Il marche ? demanda Chick.
Parfaitement. J’ai eu du mal à le mettre au point, mais le résultat dépasse mes espérances. J’ai obtenu, à
partir, de la Black and Tan Fantasy, un mélange vraiment ahurissant.
Quel est ton principe ? demanda Chick.
A chaque note, dit Colin, je fais correspondre un alcool, une liqueur ou un aromate. La pédale forte
correspond à l’œuf battu et la pédale faible à la glace. Pour l’eau de Selbtz, il faut un trille dans le registre
aigu. Les quantités sont en raison directe de la durée : à la quadruple croche équivaut le seizième d’unité, à
la noire l’unité, à la ronde le quadruple unité. Lorsque l’on joue un air lent, un système de registre est mis en
action, de façon que la dose ne soit pas augmentée ce qui donnerait un cocktail trop abondant mais la
teneur en alcool. Et, suivant la durée de l’air, on peut, si l’on veut, faire varier la valeur de l’unité, la
réduisant, par exemple au centième, pour pouvoir obtenir une boisson tenant compte de toutes les harmonies
au moyen d’un réglage latéral.
C’est compliqué, dit Chick.
Le tout est commandé par des contacts électriques et des relais. Je ne te donne pas de détails, tu connais ça.

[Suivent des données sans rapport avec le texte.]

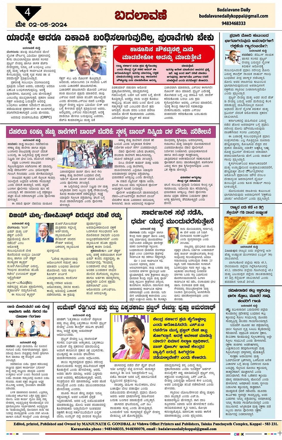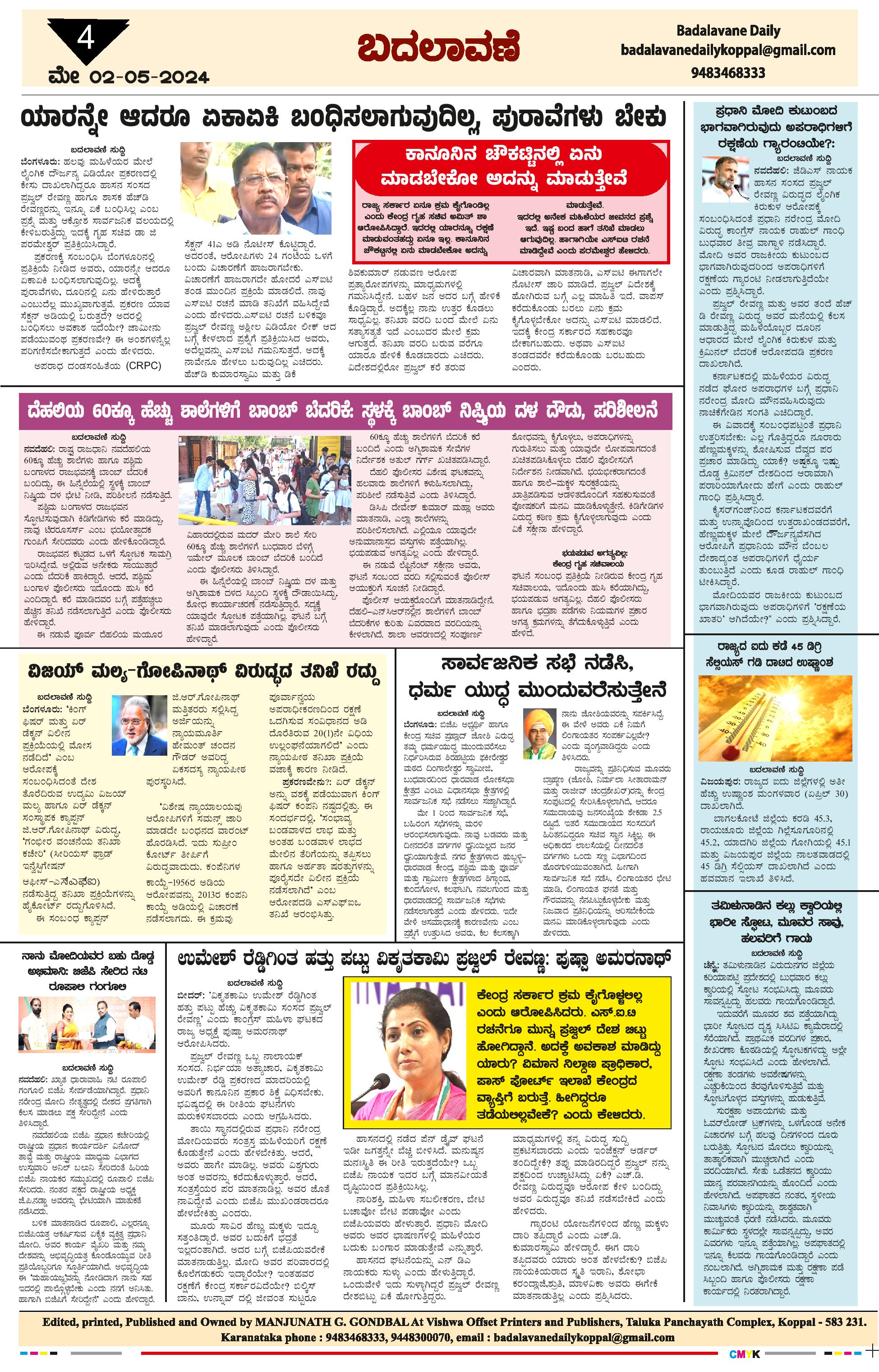 ಬದಲಾವಣೆ 02 May 2024 Page: 4 May 02, 2024 << First << 4 >> Last >> Page 1Page 2Page 3Page 4 × ಬದಲಾವಣೆ 02 May 2024 page-1page-2page-3page-4 << First << 4 >> Last >> page-1page-2page-3page-4 page-4

Et d’ailleurs, en plus, le piano fonctionne réellement.
C’est merveilleux ! dit Chick.
Il n’y a qu’une chose gênante, dit Colin, c’est la pédale forte pour l’œuf battu. J’ai dû mettre un système
d’enclenchement spécial, parce que lorsqu’on joue un morceau trop « hot », il tombe des morceaux
d’omelettes dans le cocktail, et c’est dur à avaler. Je modifierai ça. Actuellement, il suffit de faire attention.
Pour la crème fraîche, c’est le sol grave.
Je vais m’en faire un sur Loveless Love, dit Chick. Ça va être terrible.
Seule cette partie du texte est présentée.